Einem investigativen Team von SPIEGEL ONLINE ist es gelungen, Axel Springers ungehaltener Rede bereits vor der Ausstrahlung habhaft zu werden. Wie die Redaktion von ungewöhnlich gut unterrichteten Greisen erfuhr, hat Axel Springer alle Thesen selber formuliert und dann seinem Lieblingsenkel "Aggeli", 46, als neues Testament des Alten diktiert.

Auszüge, sinngemäß:

  • Die Auflagenverluste der "Bild"-Zeitung, die ich einst in einem Londoner Hotel erfand, indem ich auf dem Teppichboden liegend Ausschnitte aus der britischen Boulevardpresse zu einem deutschen Gesamtbild klebte, sind nicht nur dem Zeitgeist geschuldet, dem wir ja auch alle exklusiven Plattmacher von "Bild" (Manager zocken ab, Politiker belügen uns, Stars gehen fremd) verdanken. Sondern dem Verharren im Zweitgeist, der Prolos aus den Gossen mit Proleten aus den Gassen verwechselt. Denn die sind das wahre Volk, deren Zentralorgan meine Milchkuh "Bild" sein muss.
  • Es war ein Managementfehler, nach der deutschen Einheit das weite Feld in der Zone, die ich bekanntlich nie DDR nannte, zumeist der Konkurrenz zu überlassen, statt eine Massenzeitung für die lange unterdrückte Bevölkerung Ost und deren Bedürfnisse - Sonnenbänke, Baumärkte und Veröffentlichung aller Stasi-Büttel - durchzusetzen.

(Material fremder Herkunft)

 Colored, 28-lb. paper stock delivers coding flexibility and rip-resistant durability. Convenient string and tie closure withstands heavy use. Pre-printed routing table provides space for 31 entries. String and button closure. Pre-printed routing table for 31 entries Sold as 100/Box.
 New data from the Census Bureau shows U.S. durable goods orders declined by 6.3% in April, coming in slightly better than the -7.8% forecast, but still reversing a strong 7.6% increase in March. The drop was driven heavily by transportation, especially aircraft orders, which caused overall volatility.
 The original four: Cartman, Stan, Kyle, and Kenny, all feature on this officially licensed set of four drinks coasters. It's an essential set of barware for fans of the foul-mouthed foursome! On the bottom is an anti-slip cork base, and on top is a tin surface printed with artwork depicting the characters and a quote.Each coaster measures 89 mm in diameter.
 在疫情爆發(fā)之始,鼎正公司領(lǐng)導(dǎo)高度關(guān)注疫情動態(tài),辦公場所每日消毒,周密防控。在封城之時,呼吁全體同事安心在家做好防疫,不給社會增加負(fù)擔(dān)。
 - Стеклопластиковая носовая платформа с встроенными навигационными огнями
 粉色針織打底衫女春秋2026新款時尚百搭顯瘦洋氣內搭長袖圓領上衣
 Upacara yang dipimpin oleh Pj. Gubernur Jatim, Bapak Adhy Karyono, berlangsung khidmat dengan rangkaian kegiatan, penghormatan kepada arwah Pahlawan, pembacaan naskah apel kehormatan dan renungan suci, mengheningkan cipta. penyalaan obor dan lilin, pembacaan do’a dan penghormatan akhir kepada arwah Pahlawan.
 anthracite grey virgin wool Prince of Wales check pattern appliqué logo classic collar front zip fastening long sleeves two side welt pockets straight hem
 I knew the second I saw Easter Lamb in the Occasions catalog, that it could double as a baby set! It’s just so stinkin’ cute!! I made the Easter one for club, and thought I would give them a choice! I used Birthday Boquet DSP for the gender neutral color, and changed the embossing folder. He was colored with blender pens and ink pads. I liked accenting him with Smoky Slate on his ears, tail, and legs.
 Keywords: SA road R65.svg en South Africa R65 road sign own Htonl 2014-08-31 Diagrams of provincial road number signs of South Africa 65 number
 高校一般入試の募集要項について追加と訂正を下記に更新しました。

  • Kaufleute eines Medienhauses, auch "Flanellmännchen" genannt, sind Garanten der journalistischen Freiheit. Über Inhalte aber bestimmen ausschließlich Journalisten. Die einen bauen das Haus auf festen Fundamenten, zu denen gern auch Nebengeschäfte gehören dürfen, die anderen lassen in den Räumen Gedanken in die Ferne und in die Höhe fliegen.
  • In welcher Form diese Inhalte verbreitet werden, hängt ab von Angebot und Nachfrage. Unabhängig von der Form, egal ob Fernsehen, Internet, Online, Print, gilt eine wesentliche Regel der Marktwirtschaft, und die lautet: Qualität gibt es nicht zum Nulltarif.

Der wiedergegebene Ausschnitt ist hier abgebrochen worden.